Elisabetta I sovrana d’Inghilterra

È in questa atmosfera di angoscia che forse William Shakespeare maturò il suo rifiuto della guerra e assunse per sé una posizione che potremmo definire, con un’etichetta moderna, “pacifista”. Il grido contro le contese armate si erge da più parti, ma in modo particolare dai versi del Troilus and Cressida e di Hamlet. Nel 1588 l’Invincibile Armada era stata già sconfitta, ma la guerra contro la Spagna non era ancora finita e a questa ben presto si aggiunse la rivolta dell’Irlanda cattolica contro la corona inglese. La Virgin Queen, come è ricordata Elisabetta che per tutta la vita rifiutò di contrarre matrimoni di convenienza, non riuscì a portare la sua nazione al trionfo dato che la morte la colse nel 1603. L’onere toccò al suo successore Giacomo I Stuart che concluse con successo tutte le ostilità già nel 1604. Hamlet [1]e Troilus and Cressida, scritti tra il 1600-1602, evocano il clima incerto di questo periodo. Shakespeare ripudia la guerra e lo fa per bocca di Amleto, quando questi in partenza per l’Inghilterra vede transitare sul Regno di Danimarca le truppe di Fortebraccio, dirette contro la Polonia (Nessun segno mostra perché l’uomo muoia; III, 8).
Shakespeare ripudia la guerra e lo fa per bocca di Amleto, quando questi in partenza per l’Inghilterra vede transitare sul Regno di Danimarca le truppe di Fortebraccio, dirette contro la Polonia (Nessun segno mostra perché l’uomo muoia; III, 8).

Dipinto raffigurante Amleto. Scoperto a Lucca, viene fatto risalire a Domenico Brugeri

E più avanti:

Io davvero non so perché passo la vita a dire “questo è da farsi” quando ho causa, volontà, salute e mezzi per farlo.
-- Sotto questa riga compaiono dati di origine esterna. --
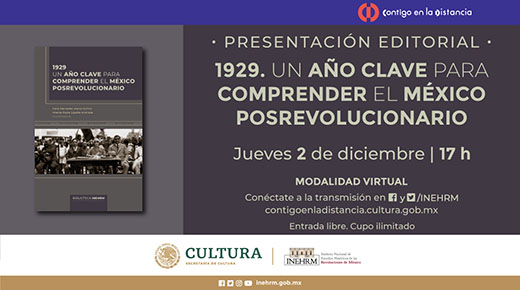 La Secretaría de Cultura del Gobierno de México, a través del Instituto Nacional de Estudios Históricos de las Revoluciones de México, invita a la presentación virtual de la novedad editorial colectiva: 1929: un año clave para entender al México posrevolucionario.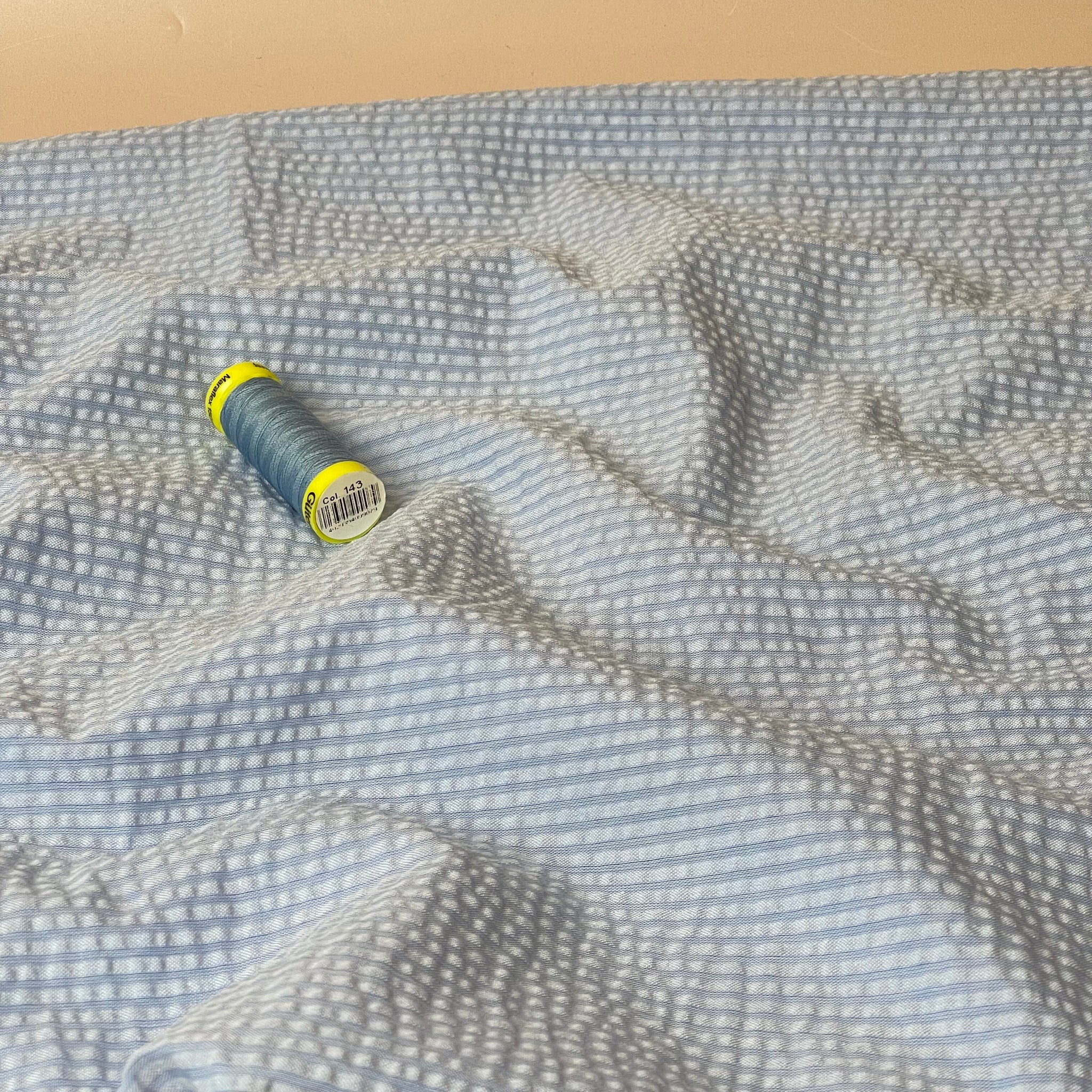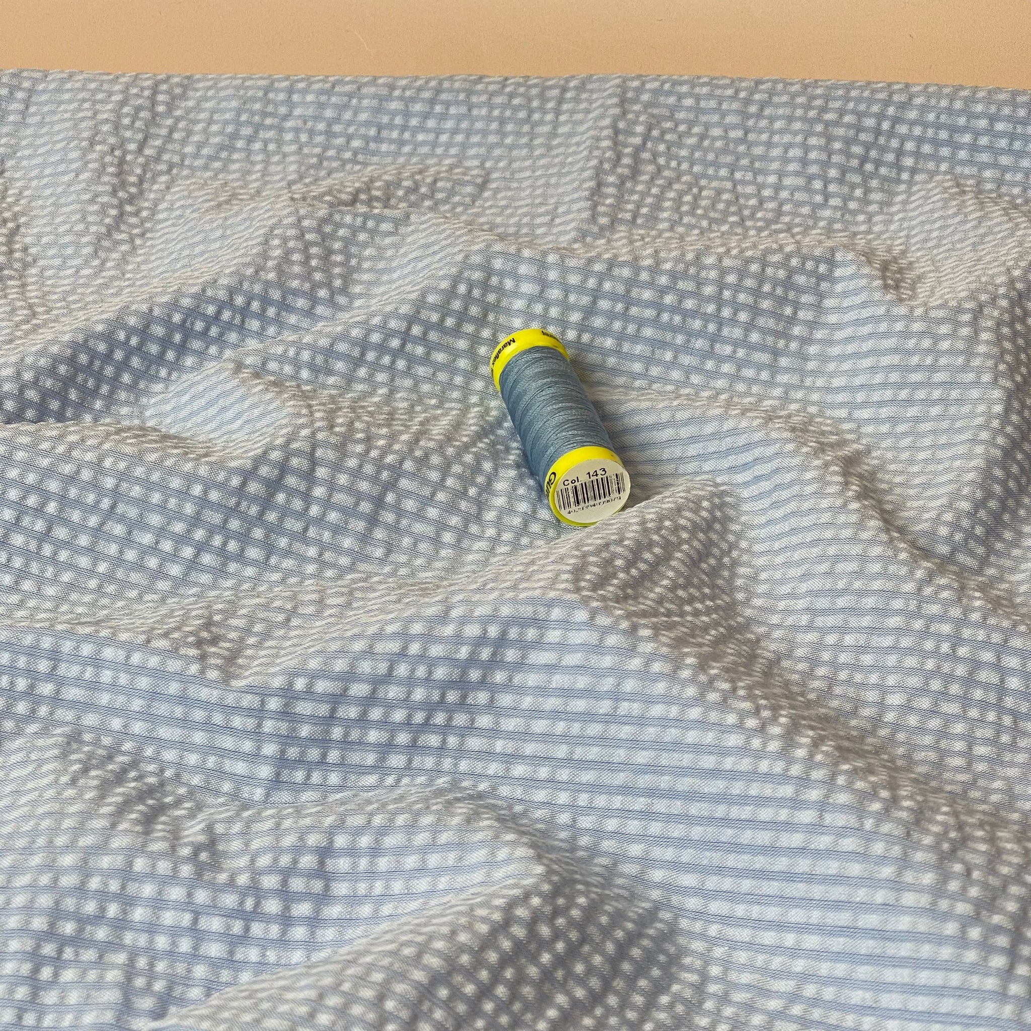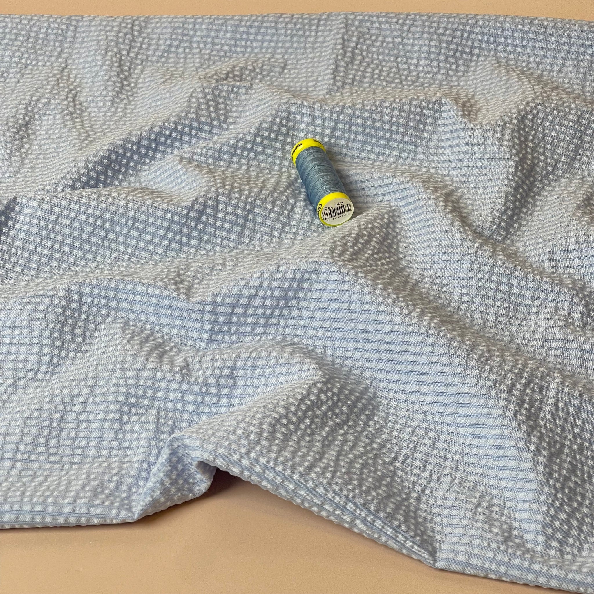 We are so pleased to be stocking this stunning, high quality, yarn dyed cotton seersucker fabric in plain shades of blue and white with textured lines running vertically on the fabric.

Esempi pesanti come la terra mi esortano: sia prova questo esercito, massa di uomini e vettovaglie, guidato da un principe di eletta gioventù, il cui spirito, caldo di ambizione divina, provoca l’evento invisibile, esponendo ciò che è mortale e malcerto a ogni azzardo della Fortuna, a pericoli e distruzione, per cosa? Per un guscio d’uovo…

Continua più sotto:

…vedo promessi alla morte ventimila soldati correre alla tomba come a un giaciglio, per una fantasia, per una ripicca, sgozzarsi per un’aiuola che non li conterrebbe, che non è fossa, non è burrone capace di tanta carneficina.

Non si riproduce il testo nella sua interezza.